A giant ice shelf broke free from Canada's remote Arctic 16 months ago, but no one was on hand to witness the creation of 55-million-square-foot, free-floating island of ice.
Later, scientists using satellite images realized the mass of ice broke clear from the coast of Ellesmer Island, about 497 miles (800 kilometers) south of the North Pole.
Laurie Weir, who monitors ice conditions for the Canadian Ice Service, was poring over satellite images in 2005 when she saw the Ayles Ice Shelf had split and separated. Weir notified Luke Copland, head of the new global ice lab at the University of Ottawa, who decided to find out what happened.
Using U.S. and Canadian satellite images, as well as data from seismic monitors, Copland found the ice shelf collapsed in the early afternoon of Aug. 13, 2005.

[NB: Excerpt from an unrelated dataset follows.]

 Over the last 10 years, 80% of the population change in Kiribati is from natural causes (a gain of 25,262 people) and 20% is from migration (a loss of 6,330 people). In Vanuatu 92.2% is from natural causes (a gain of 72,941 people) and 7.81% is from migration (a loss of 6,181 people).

"What surprised us was how quickly it happened," Copland said. "It's pretty alarming. Even 10 years ago scientists assumed that when global warming changes occur that it would happen gradually so that perhaps we expected these ice shelves just to melt away quite slowly, but the big surprise is that for one they are going, but secondly that when they do go, they just go suddenly, it's all at once, in a span of an hour."
Within days, the floating ice shelf had drifted a few miles (kilometers) offshore. It traveled west for 31 miles (50 km) until it finally froze into the sea ice in the early winter.

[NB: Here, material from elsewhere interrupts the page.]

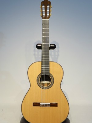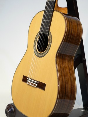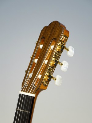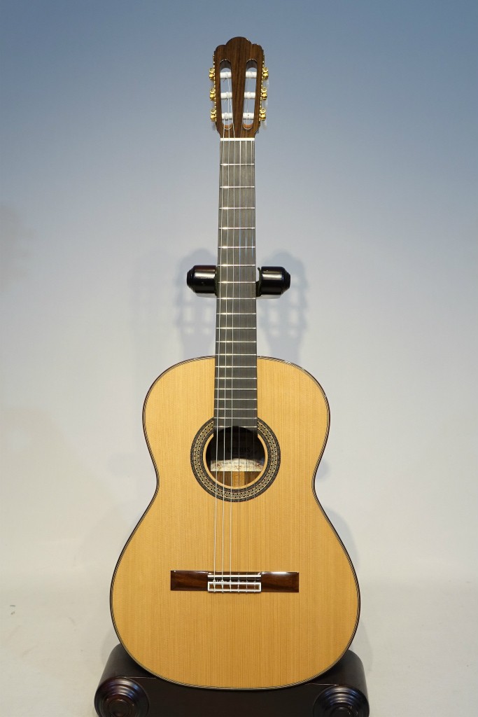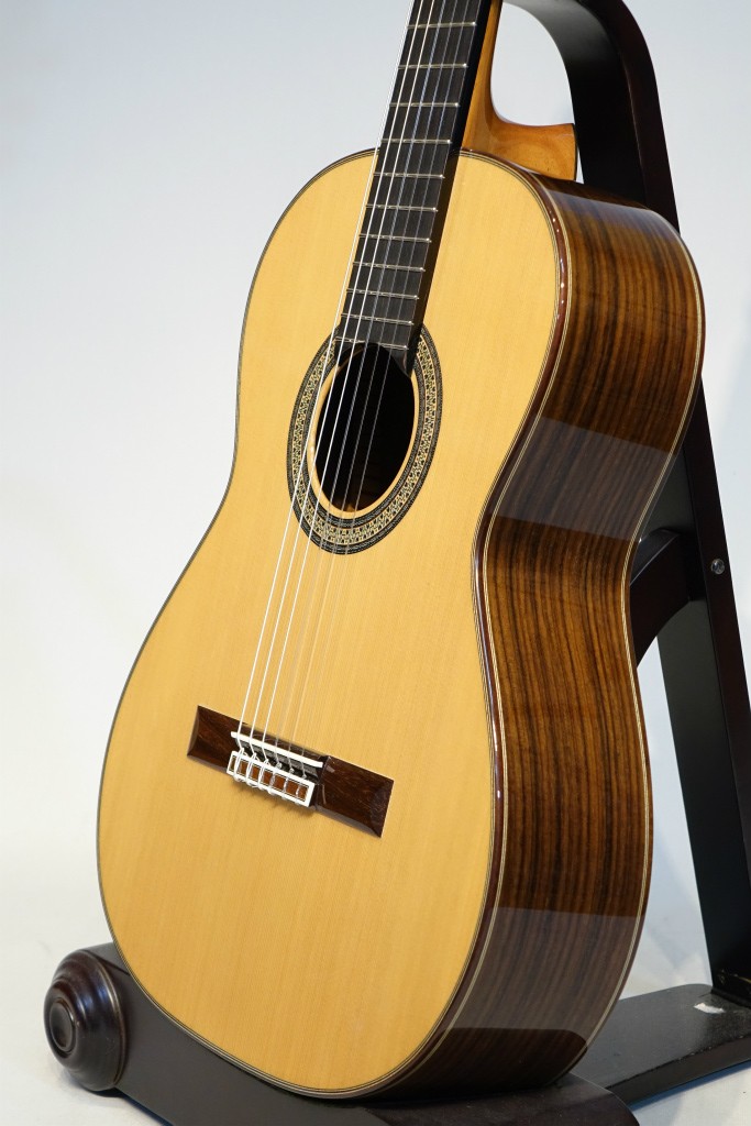 スペイン式製法を採用。ネックブロックを中心に側板・表裏板を組み上げる伝統的な手工製法により、ボディからヘッド頂点に至るまでのギター全体が弦と共に振動し、豊かな響きを産み出します。

Warwick Vincent of Laval University, who studies Arctic conditions, traveled to the newly formed ice island and could not believe his eyes.
"This is a dramatic and disturbing event. It shows that we are loosing remarkable features of the Canadian North that have been in place for many thousands of years," Vincent explained on Thursday. "We are crossing climate thresholds, and these may signal the onset of accelerated change ahead."

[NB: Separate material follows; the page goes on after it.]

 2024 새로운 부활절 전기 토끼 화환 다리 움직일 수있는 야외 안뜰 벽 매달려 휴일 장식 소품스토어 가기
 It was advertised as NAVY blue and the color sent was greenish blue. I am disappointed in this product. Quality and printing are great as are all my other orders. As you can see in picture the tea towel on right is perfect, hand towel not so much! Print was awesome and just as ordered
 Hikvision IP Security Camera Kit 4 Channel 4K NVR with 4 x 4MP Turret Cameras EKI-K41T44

Vincent said he has never seen such a dramatic loss of sea ice in 10 years of working in the region.
The collapse of the ice shelf was so shattering that earthquake monitors 155 miles (250 km) away recorded the event. The 41-square-mile (66 sq km) ice shelf was one of six major ice shelves remaining in Canada's Arctic.
Scientists say it is the largest event of its kind in Canada in 30 years and point their fingers at climate change as a major contributing factor.
"We think this incident is consistent with global climate change," Vincent said, adding that the remaining ice shelves are 90, "percent smaller than when they were first discovered in 1906. We aren't able to connect all of the dots ... but unusually warm temperatures definitely played a major role."
Derek Mueller, a polar researcher with Vincent's team, said the ice shelves get weaker and weaker as the temperature rises. He visited Ellesmere's Ward Hunt Ice Shelf in 2002 and noticed it had cracked in half.
"We're losing our ice shelves and this a feature of the landscape that is in danger of disappearing altogether from Canada," Mueller said. "In the global perspective Antarctica has many ice shelves bigger than this one, but then there is the idea that these are indicators of climate change."
The spring thaw may bring another concern as the warming temperatures could release the ice shelf from its Arctic grip. Prevailing winds could then send the ice island southwards, deep into the Beaufort Sea.
"Over the next few years this ice island could drift into populated shipping routes," Weir explained. "There's significant oil and gas development in this region as well, so we'll have to keep monitoring its location over the next few years."